22nd & 24th Permanent Representative of the Philippines to the United Nations
- Incumbent
- Assumed office September 9, 2025
- President: Bongbong Marcos
- Preceded by: Antonio Manuel Lagdameo
- In office February 28, 2020 – July 1, 2022
- President: Rodrigo Duterte
- Preceded by: Teodoro Locsin Jr.
- Succeeded by: Antonio Manuel Lagdameo

28th Secretary of Foreign Affairs
- In office July 1, 2022 – July 1, 2025
- President: Bongbong Marcos
- Preceded by: Teodoro Locsin Jr.
- Succeeded by: Tess Lazaro
- Acting March 9, 2017 – May 17, 2017
- President: Rodrigo Duterte
- Preceded by: Perfecto Yasay Jr. (ad interim)
- Succeeded by: Alan Peter Cayetano

Undersecretary for Policy of the Department of Foreign Affairs
- In office April 30, 2016 – February 28, 2020
- President: Benigno Aquino III Rodrigo Duterte

Ambassador of the Philippines to the United Kingdom
- In office 2011–2016
- President: Benigno Aquino III
- Preceded by: Antonio Manuel Lagdameo
- Succeeded by: Evan Garcia

Personal details
- Born: Enrique Austria Manalo July 21, 1952 (age 74)
- Spouse: Pamela Louise Hunt
- Children: 2
- Alma mater: University of the Philippines Diliman (BEcon, M.Ec)

= Enrique Manalo =

Filipino diplomat (born 1952)

Enrique Austria Manalo (born July 21, 1952) is a Filipino diplomat serving as the 21st permanent representative of the Philippines to the United Nations since 2025, a role he previously held from 2020 to 2022. He also served as the 28th secretary of foreign affairs from 2022 to 2025 and held the role in an acting capacity from March to May 2017, under the Duterte administration.

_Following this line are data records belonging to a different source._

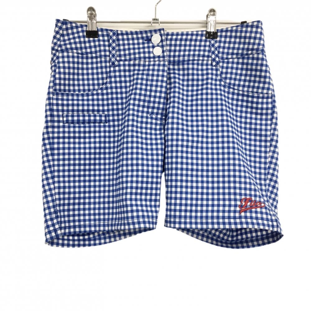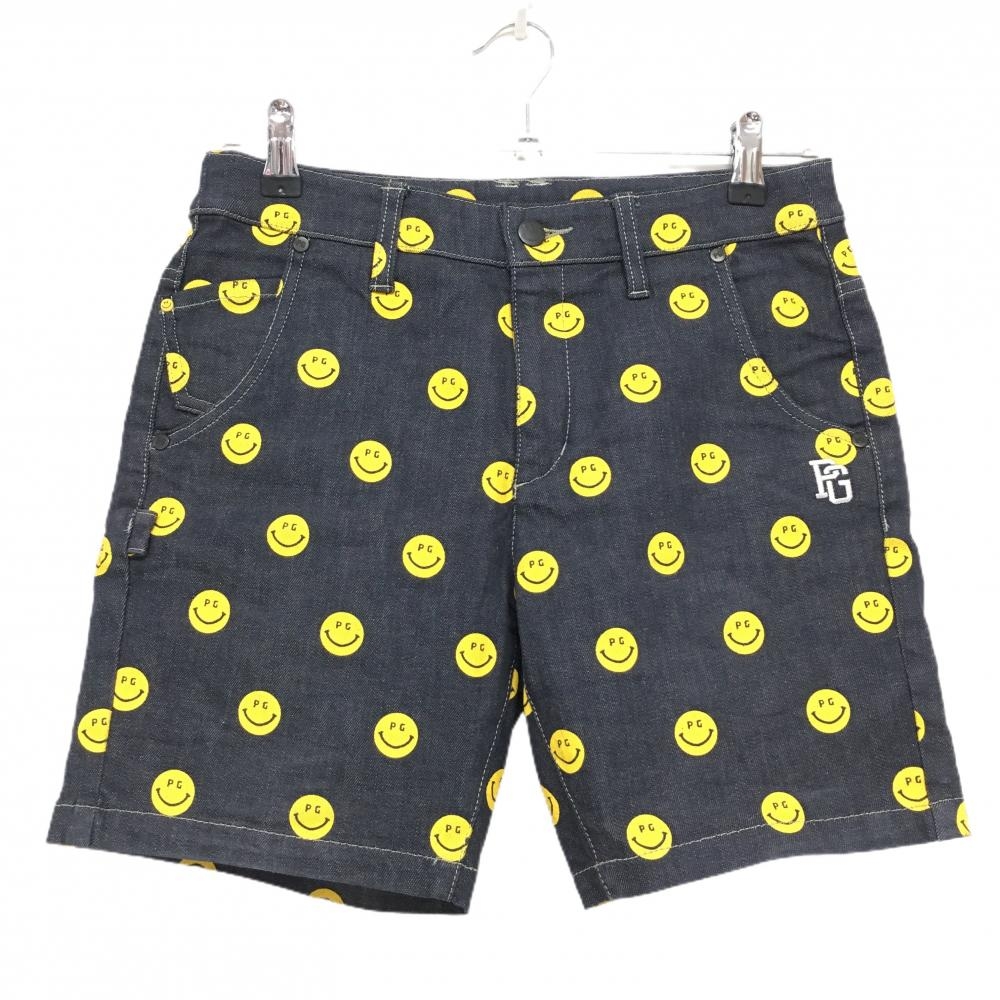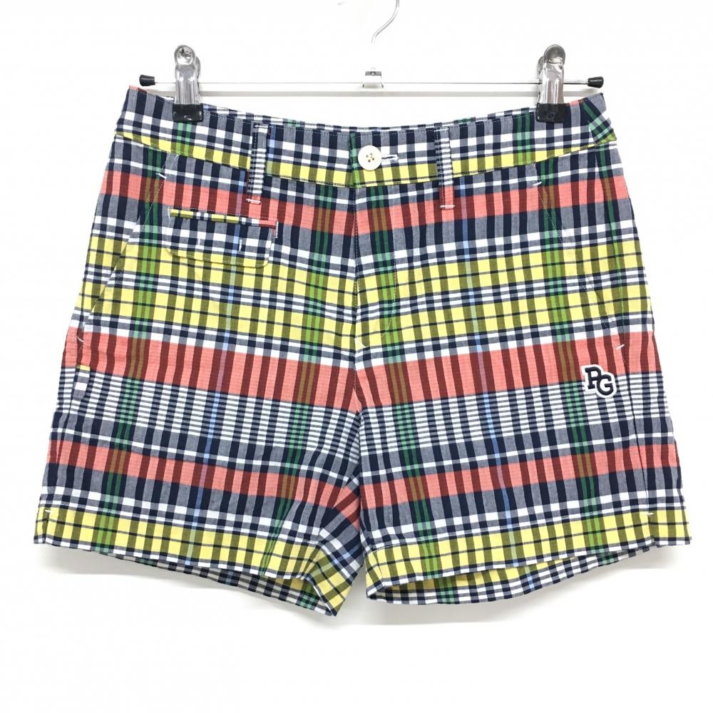 【美品】パーリーゲイツ ショートパンツ ネイビー×白 チェック ひまわり 内側30周年 レディース 1(M) ゴルフウェア PEARLY GATES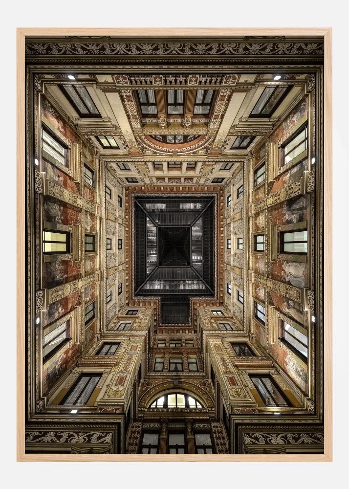Interjero plakatas su Galleria Sciarra ir nuostabia jos architektūra. Įsivaizduokite, kad esate pastate, žiūrite į viršų ir matote nuostabų langų ir sudėtingų raštų asortimentą. Pasikvieskite šią kelionę į savo namus.
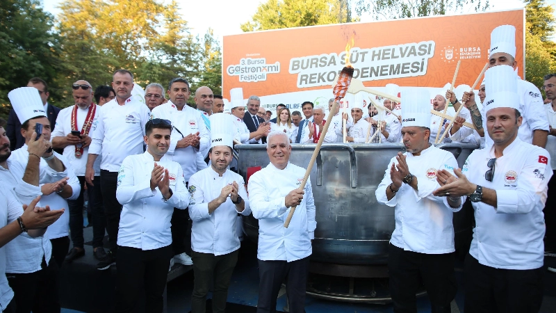 Bursa'nın sahip olduğu zengin mutfak kültürünü turizme kazandırmak ve dünyaya açmak amacıyla Büyükşehir Belediyesi tarafından ‘Damağımdaki Bursa' temasıyla düzenlenen 3. Gastronomi Festivali, birbirinden renkli rekor denemeleri ve yarışmalara da sahne oluyor. Bursa Aşçılar Derneği'nin katkılarıyla Merinos Parkı'nda Bursa'nın coğrafi işaretli tatlısı olan ‘Süt Helvası' ile rekor denemesi gerçekleştirildi. Türkiye'nin farklı kentlerinden Bursa'ya gelen 150 civarında şef, devasa kazanın başına geçerek tek seferde 5 ton süt helvasını yapmak için çalıştı. Kazanın altındaki ateşi yakan Bursa Büyükşehir Belediye Başkanı Mustafa Bozbey, eşi Seden Bozbey ile birlikte kazanın başına geçerek dev tahta kepçelerle süt helvasını karıştırdı. İlk tadımı eşi Seden Bozbey ile birlikte yapan Başkan Mustafa Bozbey, daha sonra alanı dolduran misafirlere ikramda bulundu. Rekor denemesinde emeği geçen tüm şefleri tebrik eden Başkan Bozbey, "Şeflerimiz, bu sene 5 son süt helvası yaptı. Önümüzdeki senelerde daha fazlasını yapacaklardır. Bursa'nın coğrafi işaretli tatlısı olan süt helvası, mutlaka Guinness Rekorlar Kitabı'nda yer almalıdır. Dev kazanda yapılan süt helvasını Merinos Parkı'nda ve Kent Meydanı'nda 20 bin kişiye ikram edeceğiz” dedi.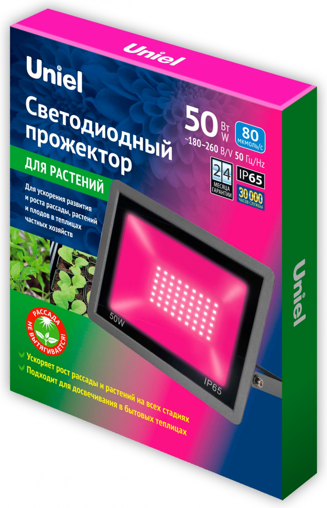 прожектор светодиодный UNIEL для растений LED 50Вт IP65 черный UL-00010384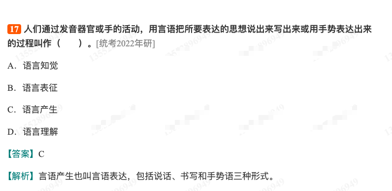 ③理解能产生知觉期待和预测。例如,熟悉英语词汇知识的人,在读到字母“WOR...”后,会预期出现D,K,M,N等字母,因为他们知道,只有这些字母才能与“WOR”组成一个英文单词。在这里,人们已有的知识结构在当前的感知中起着重要的作用。当前环境激活的知识结构不同,产生的知觉期待也不一样。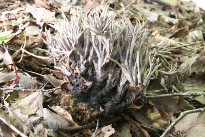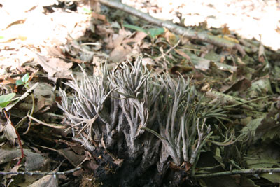 地上生のホウキタケ型のキノコ。

A graduate of the University of the Philippines, Manalo entered the Department of Foreign Affairs (DFA) in 1979 and served in various senior roles and ambassadorships throughout his tenure in the agency. He served as an undersecretary for policy from 2007 to 2010 and returned to the role in 2016, serving until 2020. In 2017, Manalo briefly served as the acting foreign affairs secretary after the Commission on Appointments rejected the appointment of Perfecto Yasay Jr. over citizenship issues. In 2020, President Rodrigo Duterte appointed him as the permanent representative of the Philippines to the UN, a role he would hold for the rest of Duterte's presidency.

In July 2022, President Bongbong Marcos appointed him as foreign affairs secretary. During a cabinet reshuffle in May 2025, Marcos reassigned Manalo back to his former role as permanent representative to the UN, succeeding Antonio Manuel Lagdameo.

== Life and career ==
=== 1952–1992: Early life and education ===
Manalo was born on July 21, 1952 to diplomats Armando Manalo and Jimena Austria. Manalo attended the University of the Philippines, where he obtained both a bachelor's and a master's degree in economics. He entered the Department of Foreign Affairs (DFA) in 1979. He began his career in the foreign service as the special assistant to the Office of the Deputy Minister of Foreign Affairs from 1979 to 1981. Afterward, he completed his first tour of duty at the Philippine Mission to the United Nations in Geneva, Switzerland, serving there until 1986. From 1986 to 1989, he was the first secretary and consul at the Philippine Embassy in Washington, D.C., and then served as the special assistant to the DFA's first undersecretary until 1992.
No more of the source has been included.